Meanwhile, one of the kittens died which has been just awful. I found him on my driveway this morning – I’m afraid I ran over him but I can’t believe I’d have done that and not noticed – particularly given I check they’re ok before bed. I was preoccupied with Batfink so perhaps I didn’t but it just seems so unlikely. Potentially something else might have got him and this afternoon there were a couple of massive dogs chasing the remaining kitten, ‘Carrot’ (renamed from ‘Doomed’ – the other was renamed Pumpkin from his original ‘Fated’ rather ironically) today.  So I don’t know. Poor Carrot doesn’t know quite what to do with himself now. He’s got pent up cuddles which he’s giving to me which are somewhat bittersweet.

In marginally less traumatic news, the downstairs toilet got blocked. I can’t even begin to describe the horror of that! Of course this all happened with my family staying – typical!

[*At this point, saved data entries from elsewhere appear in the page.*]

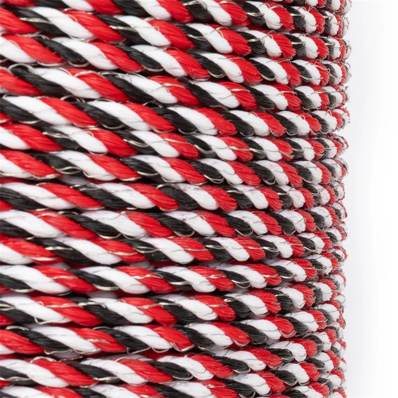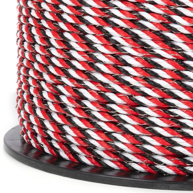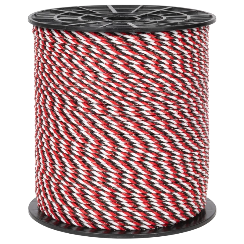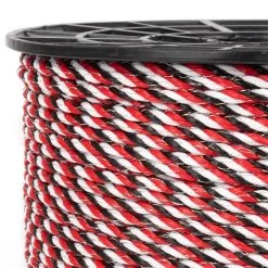 - 1x VOSS.farming Weidezaunseil 400m, 3×0,25 Kupfer + 3×0,25 Niro, weiß/rot/schwarz
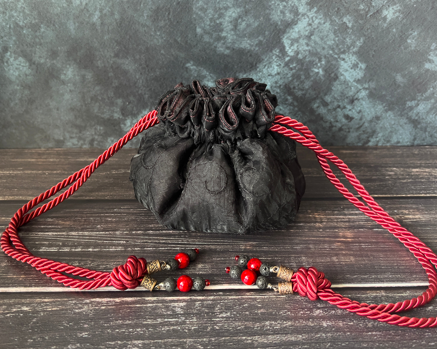 Designed with segmented interior pockets and a wide mouth opening, our bags are ideal for holding table-top gaming dice (for Dungeons and Dragons, Pathfinder, etc.) or as bags for jewelry, crystals, coins and more. The double drawstring cord closure holds the bag secure when closed. When open, internal reinforcements in the construction process help the bag to keep its shape. An additional flexible insert sewn into the base of the bag also helps it to sit flat on a table and can double as a dice rolling surface.
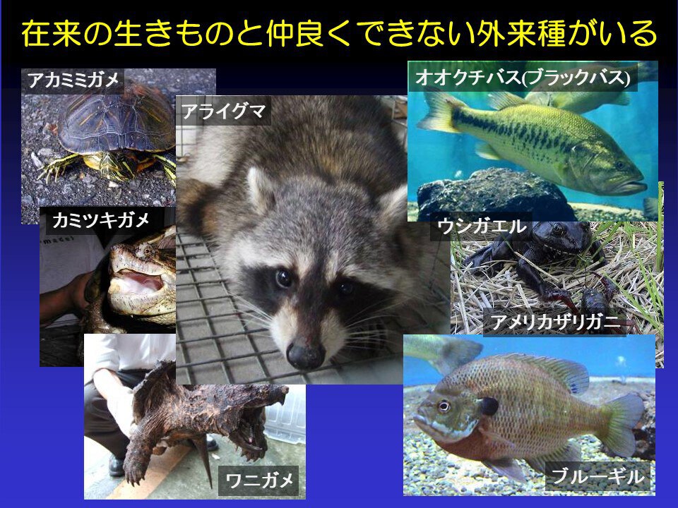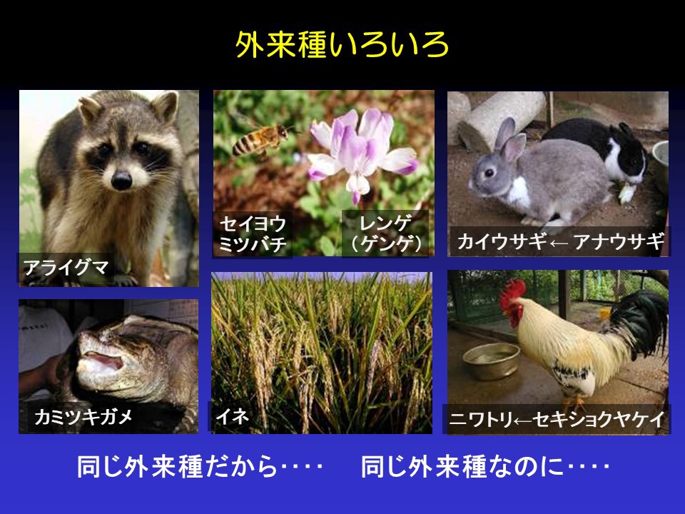 「日本人は米を食え」とよく言われるぐらいにイネは大切です。このように、私たちの生活を支える日本にいなかった生き物たちもたくさんいます。特に家畜や作物、野菜、果物のほとんどは外来起源です。私たちの生活は、もともと日本にいなかった生き物たちがいないと支えることはできません。直接輸入して持ち込むケースもありますが、日本で栽培、飼育されているものが私たちの生活を支える上で非常に重要です。もともと日本にいなかった、あるいはその地域にいなかった、外来のものだからという形で一括りにしないことが大事です。外来種の中にも問題となるものもいれば、役に立っているものもいるということです。外来種でもいろいろある、と考えてください。ただ残念なことに仲良くできない、問題を起こすものいます。実際、アカミミガメ、ウシガエル、アメリカザリガニ、アライグマ、オオクチバス、ブルーギルなど、もともと日本にいなかった特定の外来種の影響を放っておけなくなってきています。

Suffice to say, not only the toilet was a no-go area but also the floor, bidet and shower. The sewage cleaning guys had already been out to clear the cesspit a couple of weeks ago as the plumbing was being a bit slow. They came out again to resolve the block. They solemnly promised it wouldn’t block again. Two days later in was blocked again – luckily nowhere near to the same terrifying proportions. We managed to resolve it ourselves that time and again on a subsequent occasion but I am nervous about what the future holds! The owners have been so lovely to let me stay in their home whilst mine gets sorted (and I’m aware you’re probably reading this A&R!), I feel somewhat racked with guilt that these issues seem to have arisen just now! Still, I’ll keep my fingers (and legs?) crossed.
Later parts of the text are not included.